Lord Bakayaro's cavalry units each had 49 soldiers so I just added one more result to the table for each of his cavalry units.
For this engagement, I chose the simple, head-to-head option. That is: the 2 army lists are short, the "active" player is whichever side gets initiative (until s/he loses a fight, in which case the other player becomes active), and the winner of the last fight before the winning side burns through the other side's table is the winner of the whole thing.
Here is the line-up for the two sides
Lord Bakayaro_________
1 light infantry
2 lt inf
3 lt inf
4 lt inf
5 lt inf
8 heavy inf
9 heavy inf w/archers 0-lvl
10 heavy inf w/archers 0-lvl
11 light cav 0-level
12 lt cav
13 lt cav
14 lt cav
15 lt cav
16 lt cav
17 med cav
18 md cav
19 md cav
20 md cav
21 md cav
Lord Do-Aho
1 Light infantry
2 lt inf
3 lt inf
4 lt inf
7 light cav
8 lt cav
9 lt cav
10 lt cav
11 Heavy cavalry
12 Heavy cav
13 Heavy cavalry (hasted)
14 lt cav (attack from rear after "wall of stone")
15 lt cav (attack from rear after "wall of ice")
16 Heavy infantry w/ archers o-lvl (massmorphed and hidden)
17 Light infantry (w/3 sleep spells)
18 2-handed sword samurai (w/3 web spells)
19 Fireball (40' diameter sphere)
Clearly Bakayaro is the underdog here.
Let's roll initiative.
B: 4 DA: 6
Since Bakayaro's most powerful forces are fairly weak, DA is going to go for a shock and awe strategy, but is still going to keep his most powerful units in reserve. So: Unsupported heavy cavalry leads.
Fight 1:
Mounted Samurai - 1-Level Fighters, 10 hp, naginata, longsword (katana), heavy banded mail, AC 3
vs....roll a d4, add 3 for the horse's HD and 1 for fighter level, giving us...8! DA's men have penetrated deep into Bakayaro's lines and are now facing heavy infantry...

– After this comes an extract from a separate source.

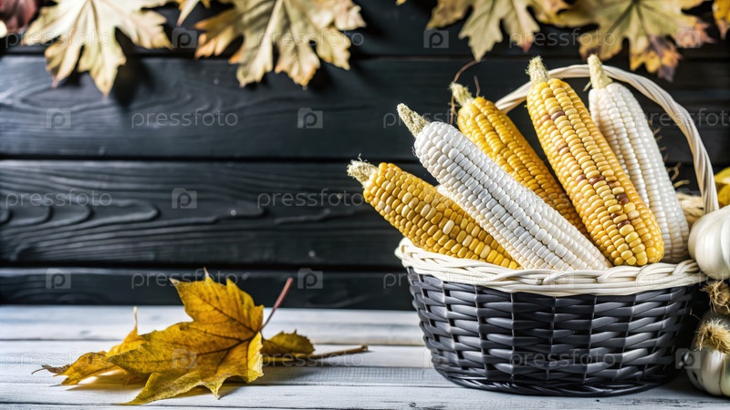 Праздничное празднование урожая кукурузы с сезонным декором и красочным зерновым дисплеем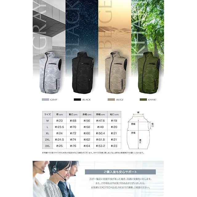 ✅【日本企画安心サポート】製品についてご不明な点やお気づきの点がございましたら、弊社カスタマーサポートにお気軽にご連絡、ご相談ください。【内容物】ベスト、ファン、バッテリー、ケーブル、充電用Type Cコード、日本語取扱説明書(書付き)※本商品にはACアダプターは付属されておりません。 ※修理・交換の際には書の提示が必要となりますので大切に保管していただきますようお願い申し上げます。 ※EXCITECH COOL VEST専用のファン、バッテリーを必ずご使用ください。他社製品と組み合わせて使用しないでください。(期間内でも弊社専用機器以外を接続したことによる故障は対象外となります。) ※充電時、定格電源:DC5V⎓2Aに対応したアダプター以外を使用して故障した場合や、EXCITECH COOL VEST以外の製品に使用して故障した場合は、期間内でも対象外となります。

Foot Samurai - 1-Level Fighters, 10 hp, long spear, longsword (katana), heavy splint mail, AC 3
DA's mounted samurai win initiative. DM rules that since they're in the middle of a huge melee the samurai can either go for a trample or a regular attack on any given opponent, not both. The samurai graciously allows the horse to attack since it has a better chance and 3 attacks. It hits twice for...7 and then 3.

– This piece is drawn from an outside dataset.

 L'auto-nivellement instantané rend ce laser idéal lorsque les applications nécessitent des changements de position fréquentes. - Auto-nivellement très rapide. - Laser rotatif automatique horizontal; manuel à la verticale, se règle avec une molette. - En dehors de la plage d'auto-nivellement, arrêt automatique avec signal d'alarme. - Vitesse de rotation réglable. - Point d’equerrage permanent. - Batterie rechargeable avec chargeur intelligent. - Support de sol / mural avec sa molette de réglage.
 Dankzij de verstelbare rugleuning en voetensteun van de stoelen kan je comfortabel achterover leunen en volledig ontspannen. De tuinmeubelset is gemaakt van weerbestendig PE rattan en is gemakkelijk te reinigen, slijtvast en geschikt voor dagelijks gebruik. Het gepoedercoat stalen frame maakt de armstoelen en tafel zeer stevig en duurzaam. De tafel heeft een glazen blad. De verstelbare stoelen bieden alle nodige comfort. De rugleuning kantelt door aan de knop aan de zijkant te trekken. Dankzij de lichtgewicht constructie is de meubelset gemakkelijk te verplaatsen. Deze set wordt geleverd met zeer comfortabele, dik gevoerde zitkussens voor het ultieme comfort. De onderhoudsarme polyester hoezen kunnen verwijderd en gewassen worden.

That's that for Bakayaro's heavy infantry, they suffer 10% casualties and are no longer a factor.
Since DA won, he keeps the initiative and rolls d4 + 4 again and adds it to 8 (since he was already at result 8 on the table) where he already was...16! Lord Overkill is on fire today.
Fight 2:
Mounted Samurai - 1-Level Fighters, 10 hp, naginata, longsword (katana), heavy banded mail, AC 3
vs.
Mounted Samurai - 1-Level Fighters, 8 hp, naginata, short bow, longsword (katana), brigandine armour, AC 5
Initiative to DA again...DM rules the samurai can either have the horse bite for d3 or attack normally. Attacker swings his katana and...miss, his opponent also misses (due to BA's superior armor--that banded mail was a good investment), he hits for 5, opponent misses, he hits again for 7. The unit lasted 3 rounds, thus taking 30% casualties.
DA is kicking ass, if he rolls over a 1, he's gone off the chart and it's all over...
...3.
DA wins after 2 fights and 4 rounds of combat.

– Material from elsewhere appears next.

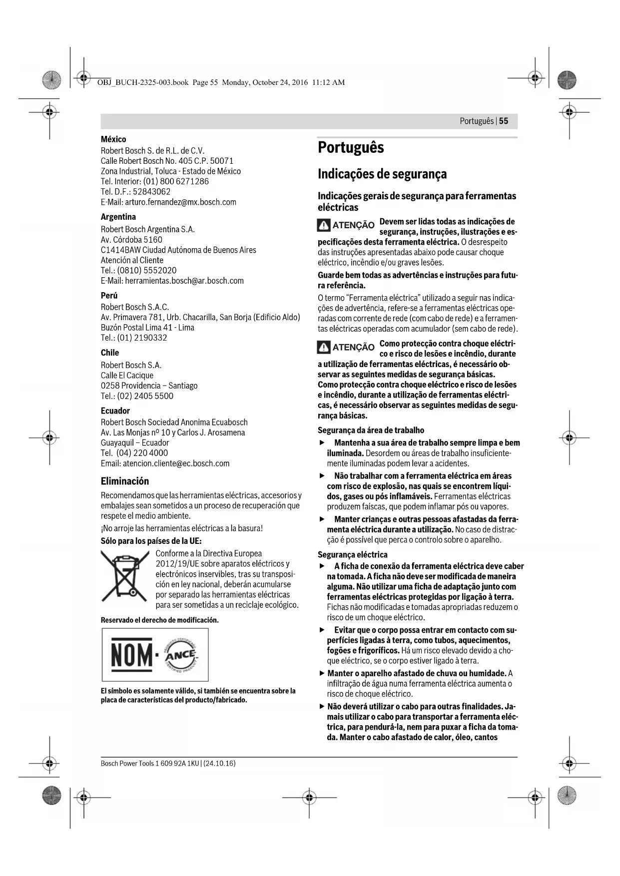 Ferramentas eléctricas, acessórios e embalagens devem ser

DA's heavy cavalry unit got in 2 fights, thus 20% casualties.
DA's other units take d% casualties per unit--no modifiers since they didn't lose any "spotlight" battles. Lord B's other units take d% +10% casualties since they lost 2 fights.
________
Advantages: it's fast and gives us the outline of a story about about how the battle went.
Disadvantages: if the players are playing one (or both) of the sides and the battle is this small (only 20 results on the table)--and they had some investment in building the tables--I can see them being disappointed that they didn't get to see their more interesting units fight. This might be somewhat remedied by running the PCs-are-always-active version, but a quick-resolution system is a quick-resolution system and there still seems (if you don't have the patience for such things that all DMs do) like there's an imbalance between building the army and seeing it play out.